• **Problem requirements**: Look through the entries below and copy exactly the part that begins with the line containing "丝丝入扣结扎成,斑斓色彩染风" and ends with the line containing "Một mâm cỗ mặn". Do not copy the pictures.

• **Provided entries**:
--- --- ---
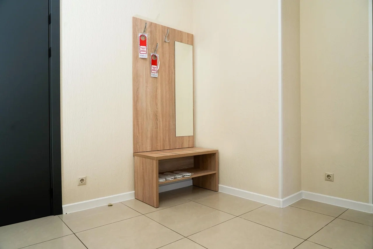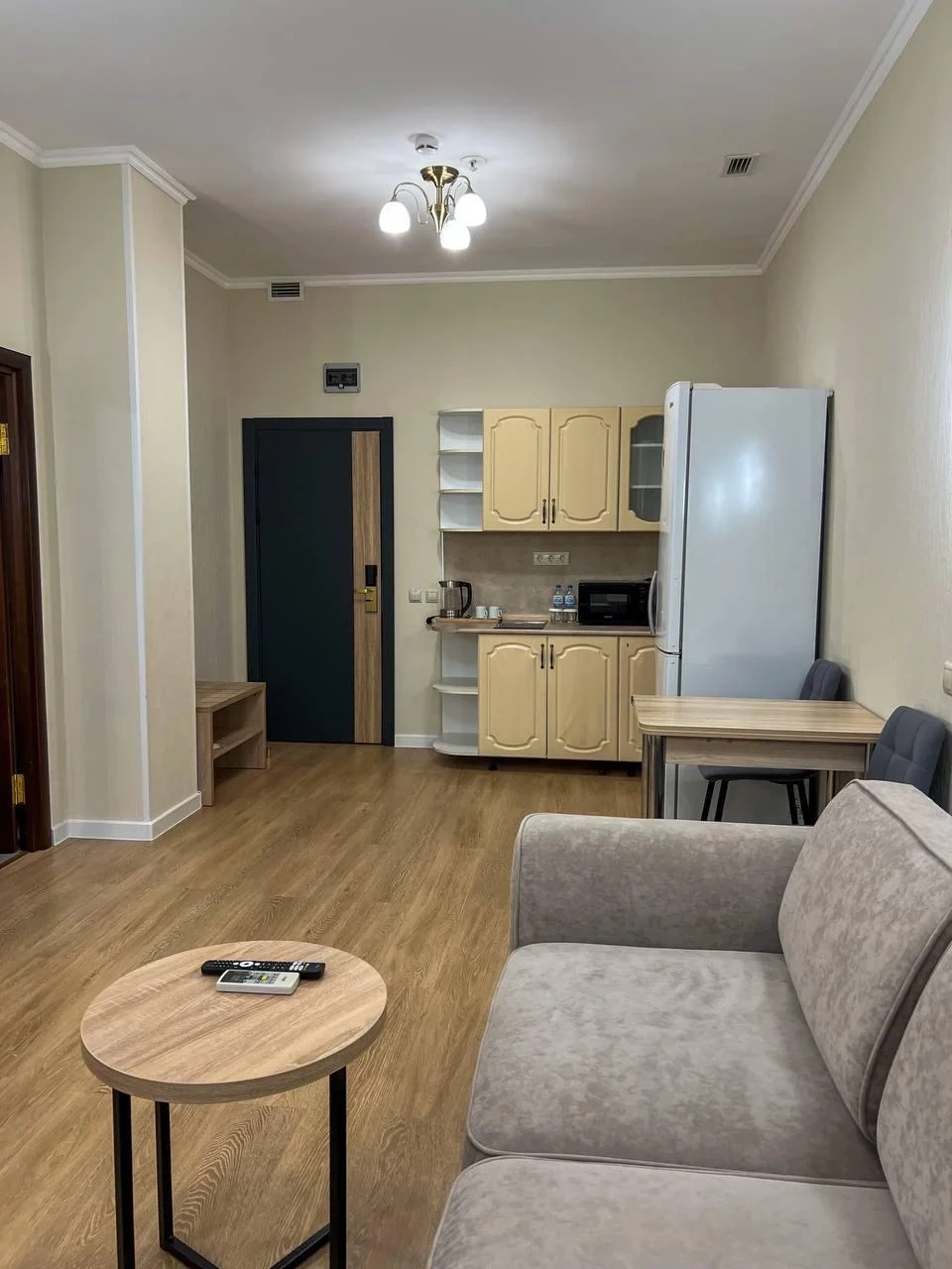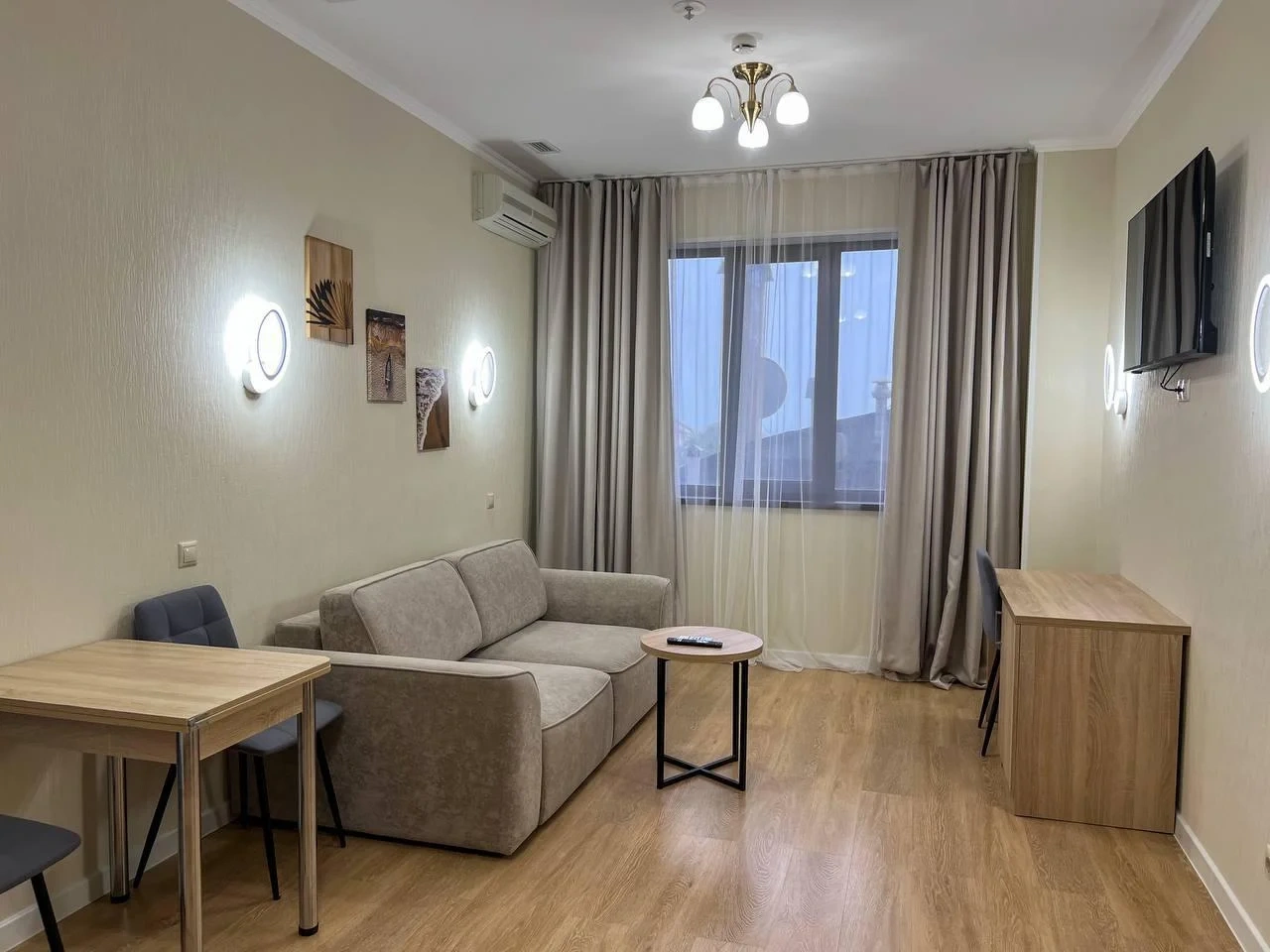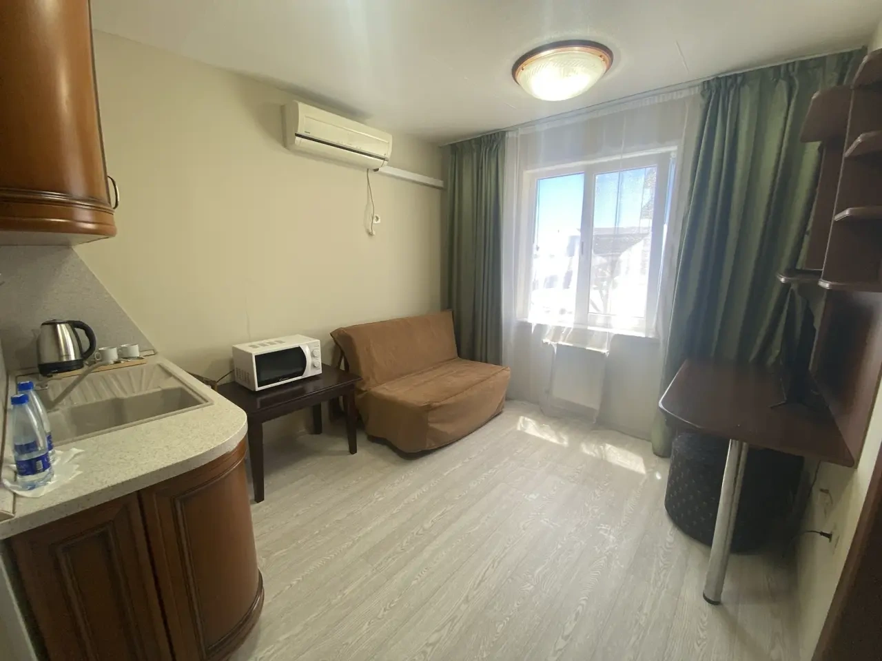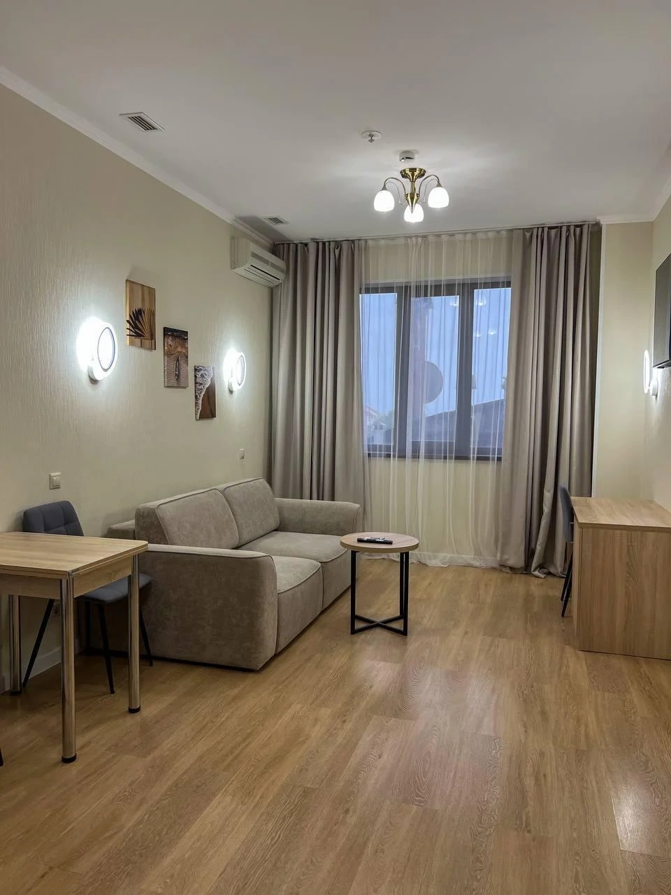 Гостиная - с мини кухней, одноместный диван, журнальный стол, шкаф для одежды, халаты, тапочки, телевизор, сплит-система, чайная станция, вода, микроволновая печь, холодильник. Спальня - двухместная кровать, прикроватные тумбочки, зеркало, сплит-система. Санузел — душевая кабина, фен, полотенце, мыло/шампунь. Общая площадь номера 26 кв.м.
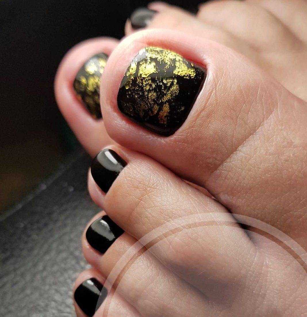 - черный педикюр с золотой фольгой
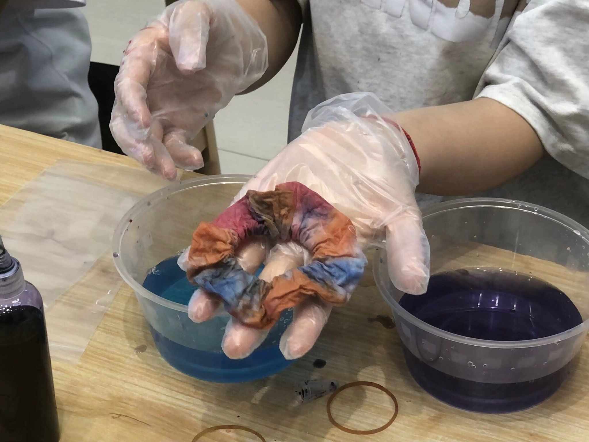 丝丝入扣结扎成,斑斓色彩染风情。当染色遇上融合,当传承遇上温暖,双手与扎染的碰撞,让传统与艺术共生共融,扎染出独一无二的“艺术品”。在扎染的过程中,同学们通过运用不同的技术和方法创造出独特的纹理和图案,扎染出独一无二的自然美学作品。色彩相间的图案中,晕染是民间艺术的传承;无序错乱的捆绑中,展现的是独一无二的创意。
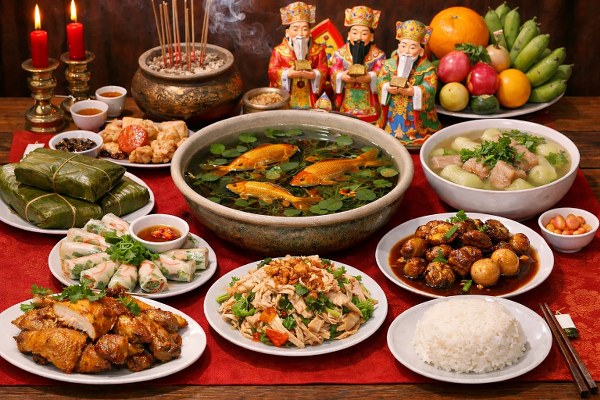 Một mâm cỗ mặn cúng ông Công, ông Táo thường gồm những món ăn quen thuộc trong dịp lễ Tết của người Việt:
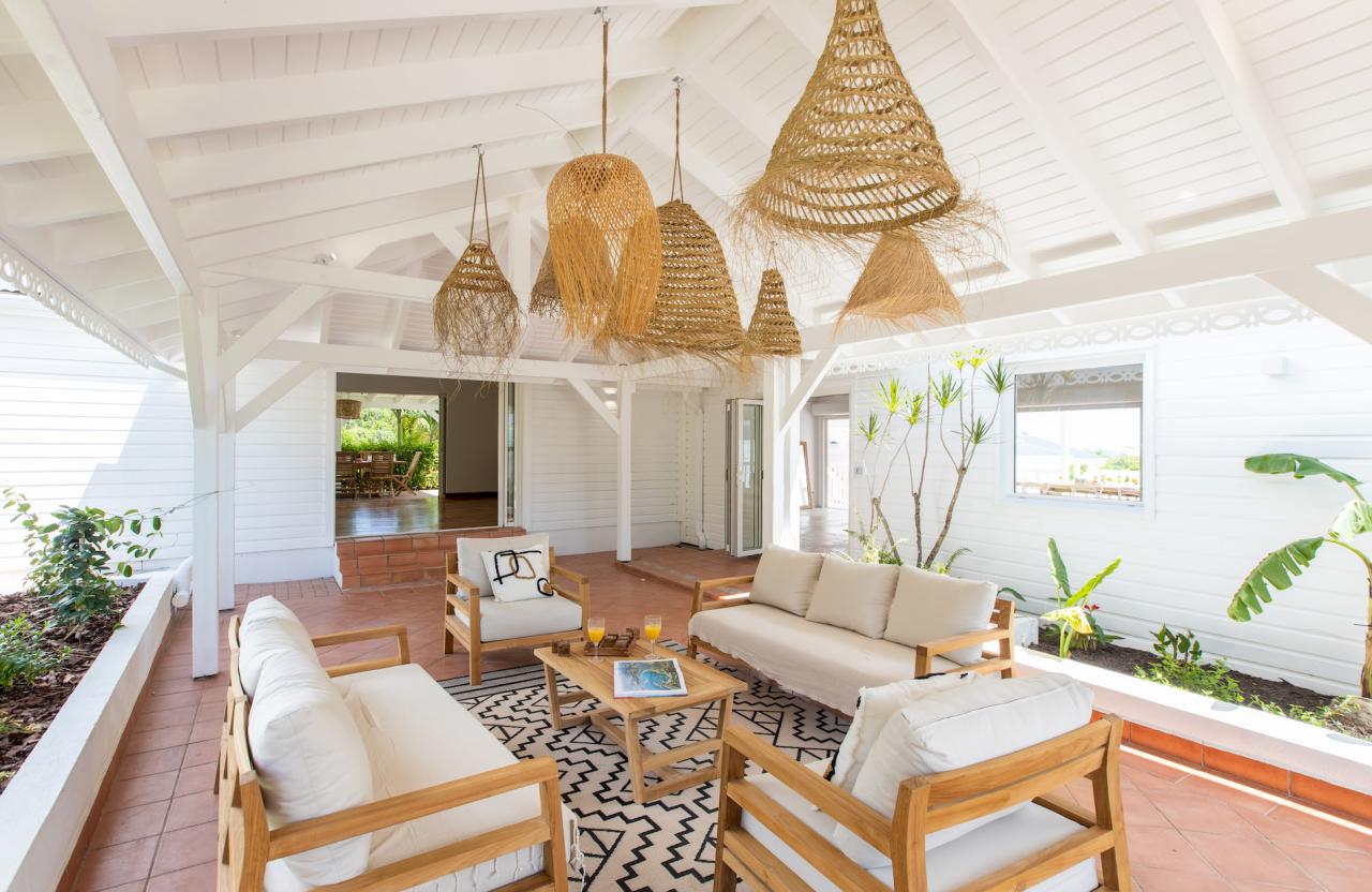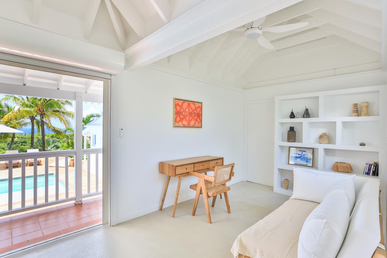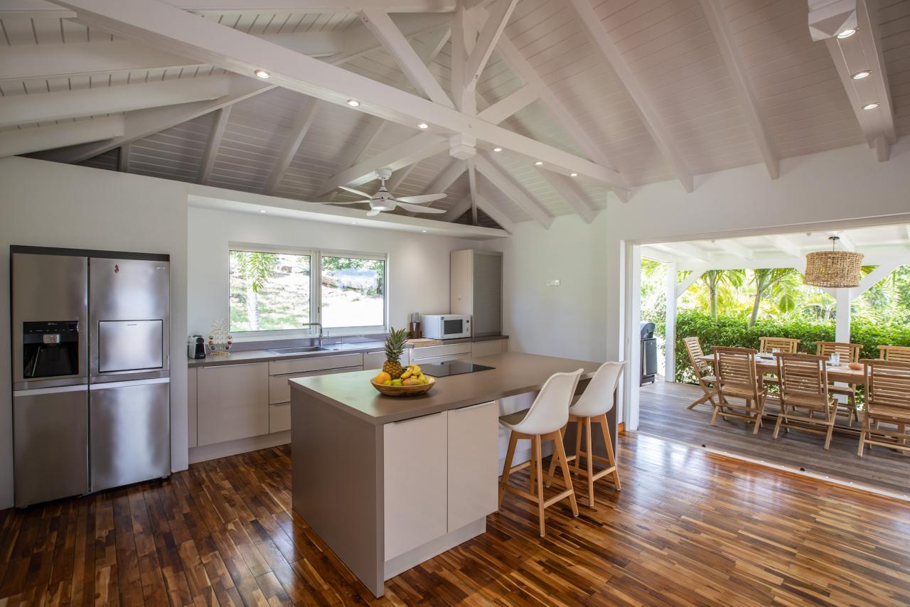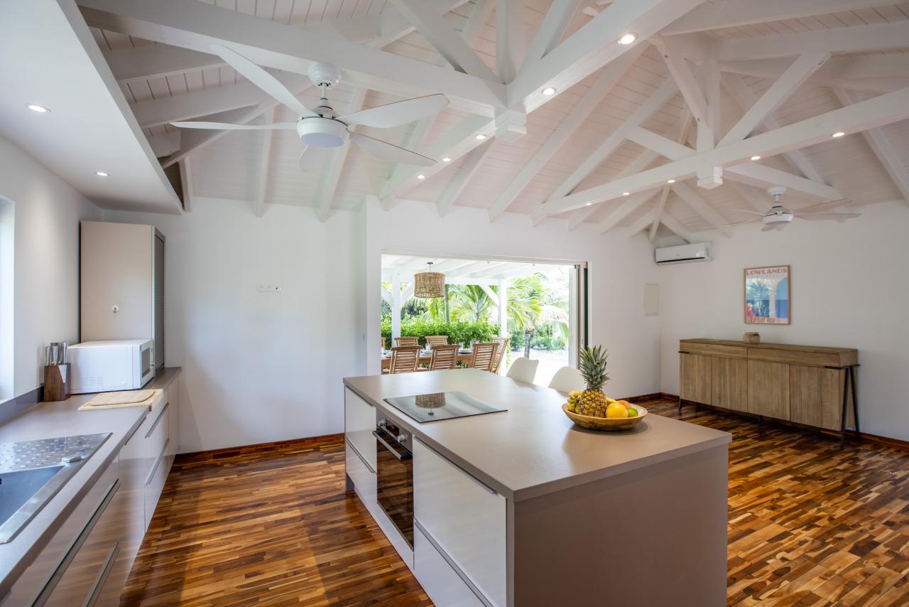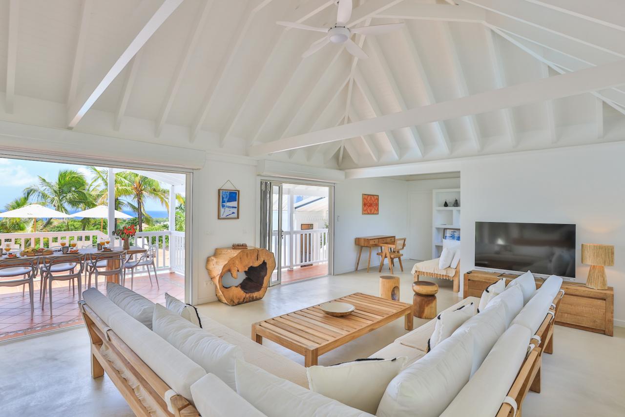 Nestled in the exclusive Terres Basses, Villa Coco Paillette is an idyllic retreat for those desiring the ultimate St. Martin vacation. This recently renovated St. Martin 4 bedroom villa was designed to blend with the natural beauty of the surroundings by incorporating vaulted ceilings, an open floor plan and large glass doors.
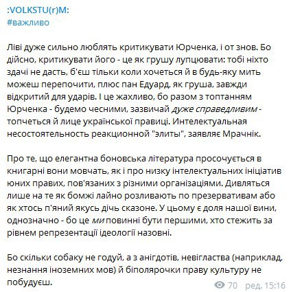 Синку, зроби хоча б десяту частину того, що я зробив для правого руху та заслужи хоча б десяту частину ненависті від ліваків, яку маю я, а вже потім щось кукарікай 😉
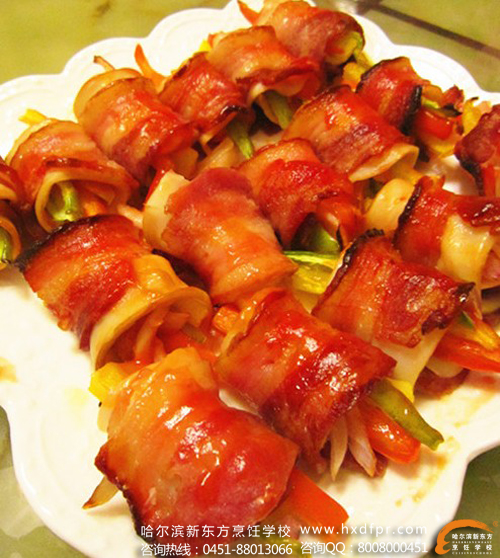 培根4条 大个杏鲍菇2个 青、红、黄椒及洋葱各半个
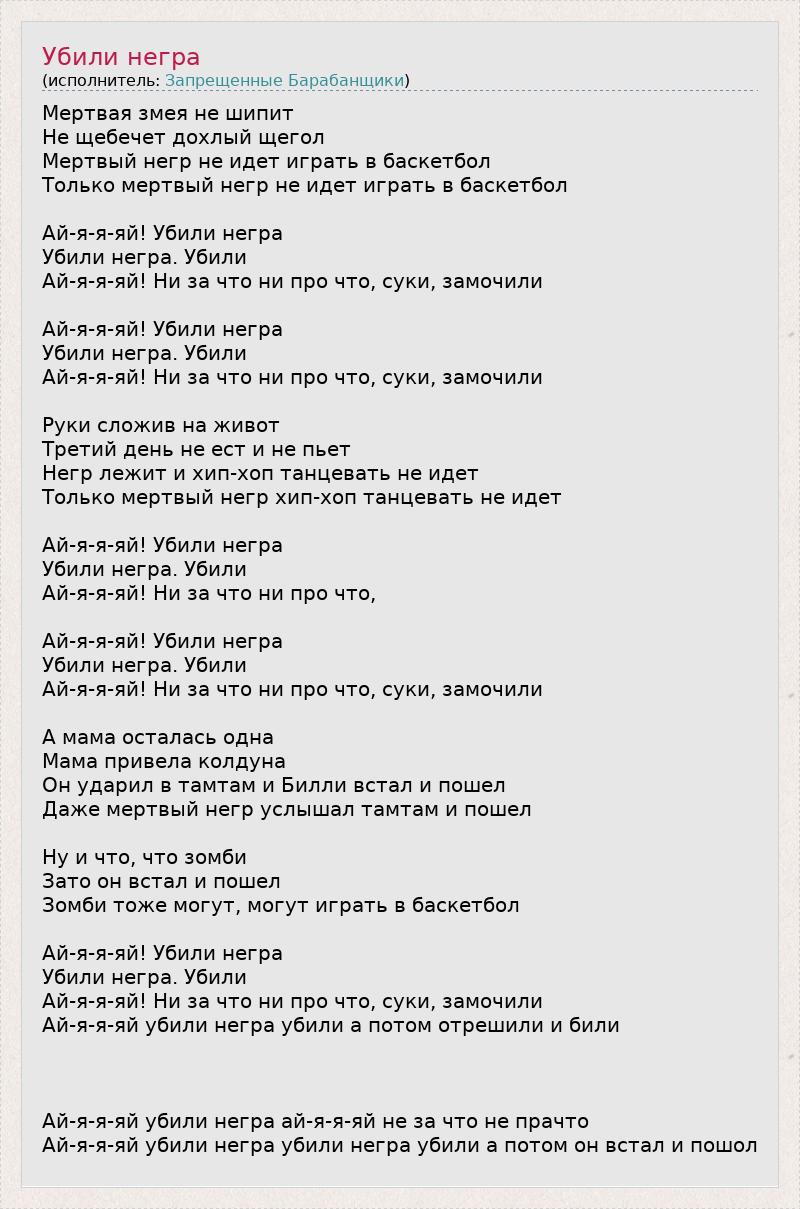 Мертвая змея не шипит Не щебечет дохлый щегол Мертвый негр не идет играть в баскетбол Только мертвый негр не идет играть в баскетбол Ай-я-я-яй! Убили негра Убили негра. Убили Ай-я-я-яй! Ни за что ни про что, суки, замочили Ай-я-я-яй! Убили негра Убили негра. Убили Ай-я-я-яй! Ни за что ни про что, суки, замочили Руки сложив на живот Третий день не ест и не пьет Негр лежит и хип-хоп танцевать не идет Только мертвый негр хип-хоп танцевать не идет Ай-я-я-яй! Убили негра Убили негра. Убили Ай-я-я-яй! Ни за что ни про что, Ай-я-я-яй! Убили негра Убили негра. Убили Ай-я-я-яй! Ни за что ни про что, суки, замочили А мама осталась одна Мама привела колдуна Он ударил в тамтам и Билли встал и пошел Даже мертвый негр услышал тамтам и пошел Ну и что, что зомби Зато он встал и пошел Зомби тоже могут, могут играть в баскетбол Ай-я-я-яй! Убили негра Убили негра. Убили Ай-я-я-яй! Ни за что ни про что, суки, замочили Ай-я-я-яй убили негра убили а потом отрешили и били Ай-я-я-яй убили негра ай-я-я-яй не за что не прачто Ай-я-я-яй убили негра убили негра убили а потом он встал и пошол
--- --- ---
• **Exercise result**:
 丝丝入扣结扎成,斑斓色彩染风情。当染色遇上融合,当传承遇上温暖,双手与扎染的碰撞,让传统与艺术共生共融,扎染出独一无二的“艺术品”。在扎染的过程中,同学们通过运用不同的技术和方法创造出独特的纹理和图案,扎染出独一无二的自然美学作品。色彩相间的图案中,晕染是民间艺术的传承;无序错乱的捆绑中,展现的是独一无二的创意。
 Một mâm cỗ mặn cúng ông Công, ông Táo thường gồm những món ăn quen thuộc trong dịp lễ Tết của người Việt:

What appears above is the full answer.